What's worse, there are a vast array of internal configurations of this network that can achieve high accuracy. So if we retrained this thing from a new random starting position, we would likely see a completely new pattern of signals flowing across the network for this same input. And yet, the thing would probably again guess a value very near to 1.56. It's a little like our brains. If I ask you to imagine ice cream, you can conjure up some mental image. But if I compare how your brain makes that image to how my brain does it, we surely have different patterns of neurons firing. So just like our brains, the neural net is not learning some canonical way to get Tajima's D out of a sequence alignment. Instead it's just finding a local optimum, and there are many many equivalent local optima out there. So there is nothing really special about the patterns above, other than the fact that they represent one of the many ways of getting a decent prediction of Tajima's D out of a neural net.
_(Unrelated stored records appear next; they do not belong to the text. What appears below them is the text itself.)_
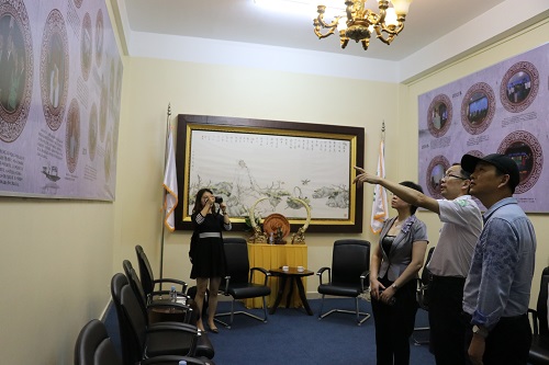 夏修龙院长向客人介绍了柬埔寨王家研究院孔子学院的发展历程,他说,在中国国家汉办、中方合作院校九江学院和柬埔寨各界的大力支持下,柬埔寨王家研究院孔子学院得到了很快的发展,培养了一大批汉语人才,为柬埔寨民众提供了更好的就业机会。
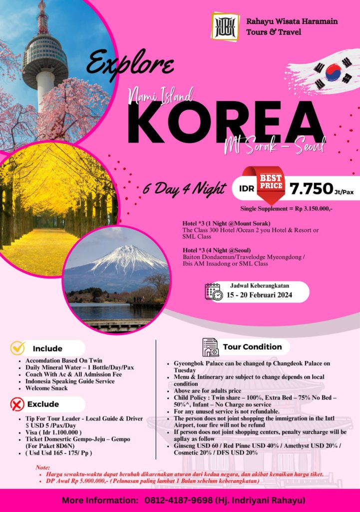 Rasakan sensasi trip di Korea Selatan dengan mengunjungi tempat destinasi yang terbaik di Korea Selatan. Paket selama 6 hari 4 malam.
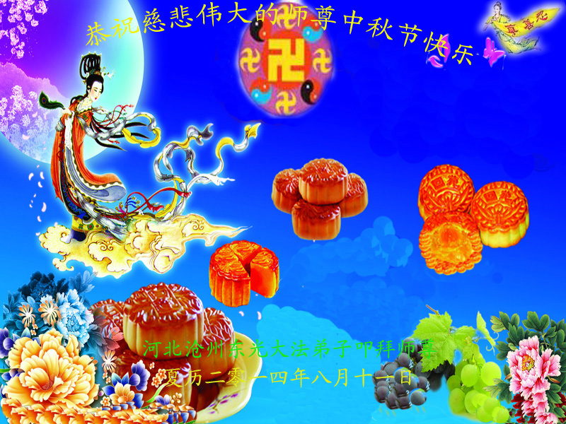 合十 河北省巨鹿县全体大法弟子敬上 2014.9.3 河北省昌黎一学法组大法弟子祝贺伟大师父中秋节快乐!

Now imagine we instead built a neural network that could prediction something we don't know how to compute (like the signature of a soft sweep). We might get a network that does really well, and it'd be a dream back-out what the network learned into new theory. In practice, what this would entail is making sense and structure out of stuff like the patterns above. And perhaps worse, I'm not sure there is any certainty that their would be new theory in there. Like maybe you could toil at this for years, only to later learn that there was never anything there to find. I hate ending on a downer like that, but anyway, you hopefully understand why people call these things a black box.

Ok, I read the stuff above, and I still want to develop a neural net for my research. What does the process look like?

I’m so glad you are interested! Let me help you get started. This is a bit of a long answer. It’s a multistep thing.

First, maybe you have a bunch of genomes from your favorite species where the exact genealogical history of every SNP is known. And you know every evolutionary force that has ever acted on each SNP too. Then all you have to do is…

What’s that? You don’t have that kind of data? Or even a kind of halfway approximate version of it. OK, well, first let me welcome you to the club. In this club we do coalescent simulations to make up fake data sets that are sorta like those of the real critters we are studying. Then we feed these fake data sets into our neural net to train it and hope that we’re close enough to reality that when we point the thing at the real data it works.

So step one, you have to simulate training data for your net. And like I said, what that usually means is building a customized coalescent simulation. So you have to capture all the important complexity of the evolutionary history of your sample of genomes, and then simulate conditional on that. You also have to simulate the thing you want to detect, like a set of sims with the selective sweep and a set without. Probably 90% of all your mistakes are going to happen during this stage of the process. But since everything is super dependent on the exact nature of your sample and the critters you study, all your mistakes will be new and different from all of ours, so I can’t give you a lot of tips other than to talk to coalescent simulation experts. So that’s my advice. Make mistakes, talk to people, fix those mistakes and repeat until all the remaining mistakes are so deep that the average reviewer probably will never notice.

I’ll assume you accomplished step one, and you have a lot of coalescent sims in hand and they are all really really perfect for your question. And hopefully you still have some of your motivation intact too.

Next you have to get your coalescent sims into python as matrices (oh yeah, if you don’t already know python, go learn that too). We have some code that you can use as an example. We used ‘ms’ formatted files to store our coalescent sims. They’re unpleasant to parse. I’d recommend using msprime, which gives you the output of the sim in a nice python format off the bat.

Now we are nearly ready to train our network. But first we have to build our compute environment. I highly recommend using Keras and Tensorflow. They are two great python packages for training neural nets. Tensorflow is the math guts of neural nets, and Keras is a package that sits on top and hides a lot of the math from you. Tensorflow is a bear to install. I recommend using a cloud service like FloydHub where it’s already pre-installed (I’m not affiliated with FloydHub). Or bribe someone to install it for you, but probably just use a cloud service. They’re so cheap and your time is valuable.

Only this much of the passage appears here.